--- START ---

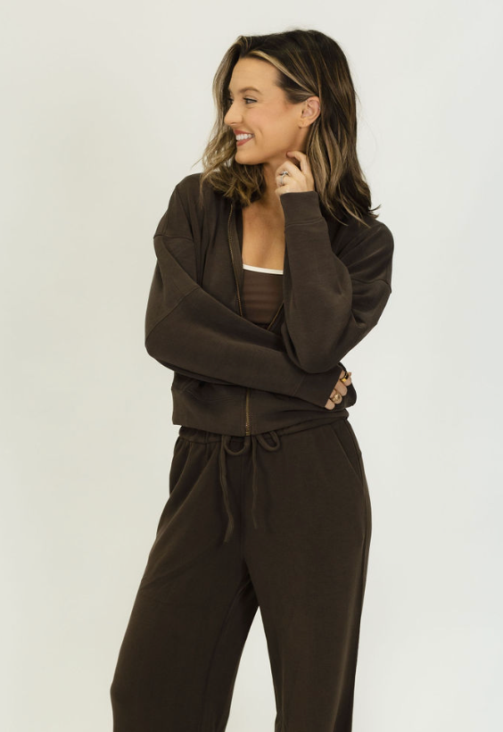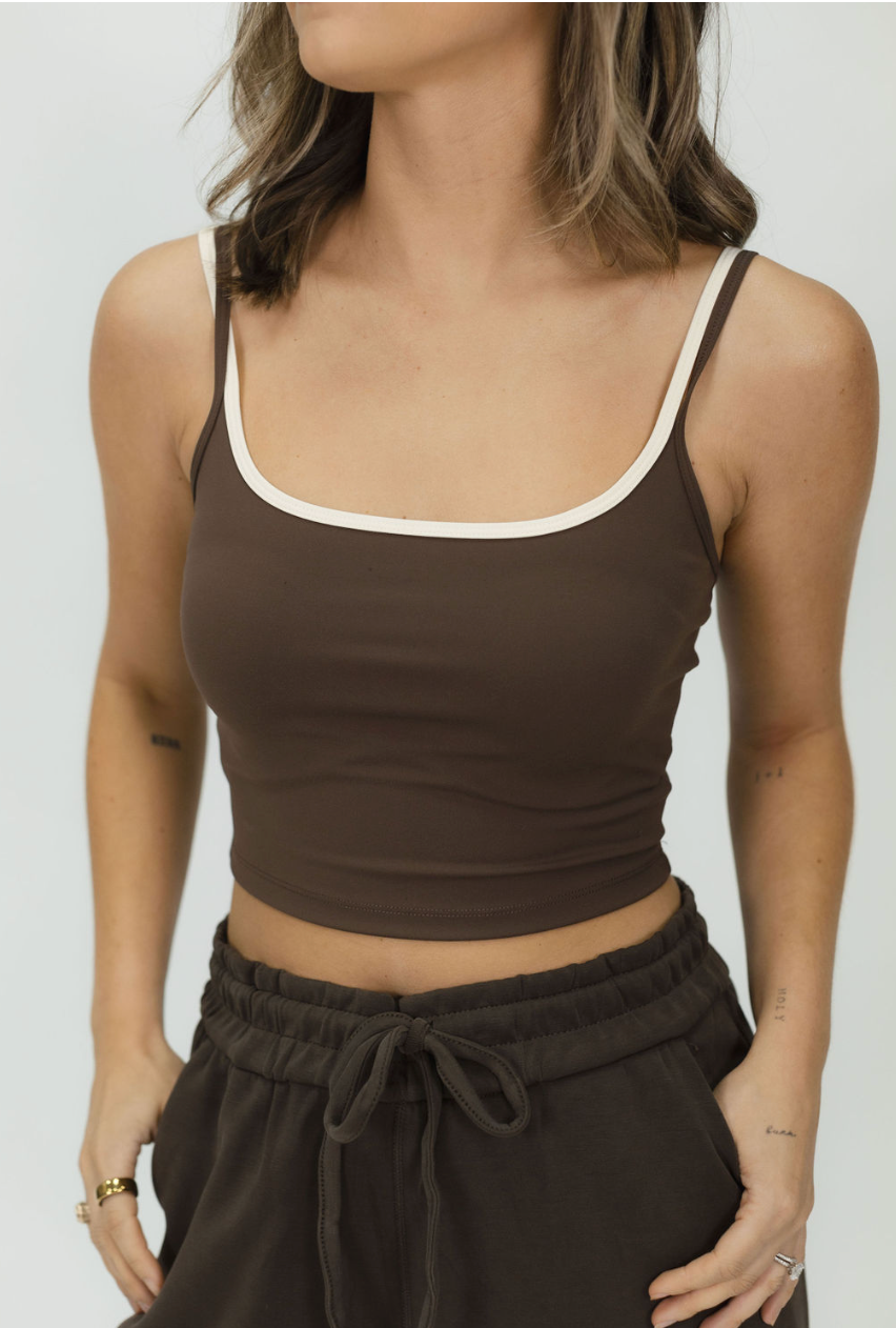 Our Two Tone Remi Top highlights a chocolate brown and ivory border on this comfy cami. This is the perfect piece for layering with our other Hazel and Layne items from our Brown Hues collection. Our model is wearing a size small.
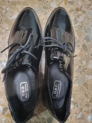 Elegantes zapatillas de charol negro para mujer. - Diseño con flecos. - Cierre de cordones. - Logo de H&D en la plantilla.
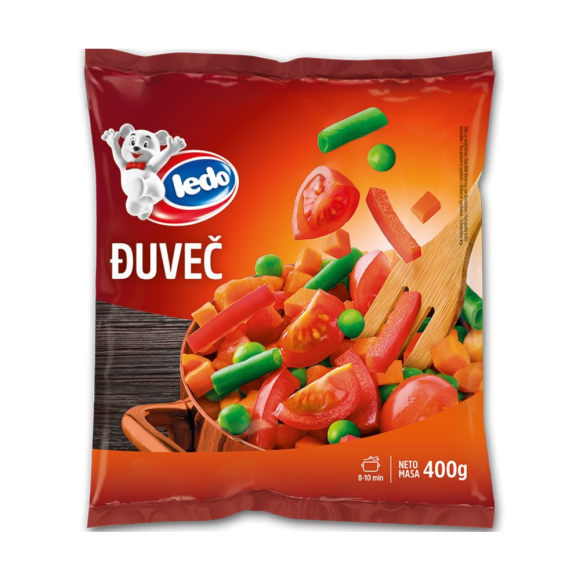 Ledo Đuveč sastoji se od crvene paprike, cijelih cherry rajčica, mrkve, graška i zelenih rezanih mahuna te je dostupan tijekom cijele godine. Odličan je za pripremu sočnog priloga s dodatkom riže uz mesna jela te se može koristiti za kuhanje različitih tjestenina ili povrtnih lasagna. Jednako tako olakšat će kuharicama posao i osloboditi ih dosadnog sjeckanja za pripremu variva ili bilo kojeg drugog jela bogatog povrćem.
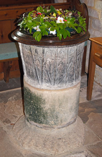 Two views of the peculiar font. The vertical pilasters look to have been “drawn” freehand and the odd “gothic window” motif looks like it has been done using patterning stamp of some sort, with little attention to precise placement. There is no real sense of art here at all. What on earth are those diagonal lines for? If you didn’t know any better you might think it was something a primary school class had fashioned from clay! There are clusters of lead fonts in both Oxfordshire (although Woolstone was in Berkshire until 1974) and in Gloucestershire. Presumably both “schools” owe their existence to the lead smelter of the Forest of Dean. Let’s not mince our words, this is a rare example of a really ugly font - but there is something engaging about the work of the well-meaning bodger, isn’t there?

--- END ---

▶ **EXERCISE DESCRIPTION**:
Restate all the material verbatim; omit every picture.

▶ **PROBLEM SOLUTION**:
 Our Two Tone Remi Top highlights a chocolate brown and ivory border on this comfy cami. This is the perfect piece for layering with our other Hazel and Layne items from our Brown Hues collection. Our model is wearing a size small.
 Elegantes zapatillas de charol negro para mujer. - Diseño con flecos. - Cierre de cordones. - Logo de H&D en la plantilla.
 Ledo Đuveč sastoji se od crvene paprike, cijelih cherry rajčica, mrkve, graška i zelenih rezanih mahuna te je dostupan tijekom cijele godine. Odličan je za pripremu sočnog priloga s dodatkom riže uz mesna jela te se može koristiti za kuhanje različitih tjestenina ili povrtnih lasagna. Jednako tako olakšat će kuharicama posao i osloboditi ih dosadnog sjeckanja za pripremu variva ili bilo kojeg drugog jela bogatog povrćem.
 Two views of the peculiar font. The vertical pilasters look to have been “drawn” freehand and the odd “gothic window” motif looks like it has been done using patterning stamp of some sort, with little attention to precise placement. There is no real sense of art here at all. What on earth are those diagonal lines for? If you didn’t know any better you might think it was something a primary school class had fashioned from clay! There are clusters of lead fonts in both Oxfordshire (although Woolstone was in Berkshire until 1974) and in Gloucestershire. Presumably both “schools” owe their existence to the lead smelter of the Forest of Dean. Let’s not mince our words, this is a rare example of a really ugly font - but there is something engaging about the work of the well-meaning bodger, isn’t there?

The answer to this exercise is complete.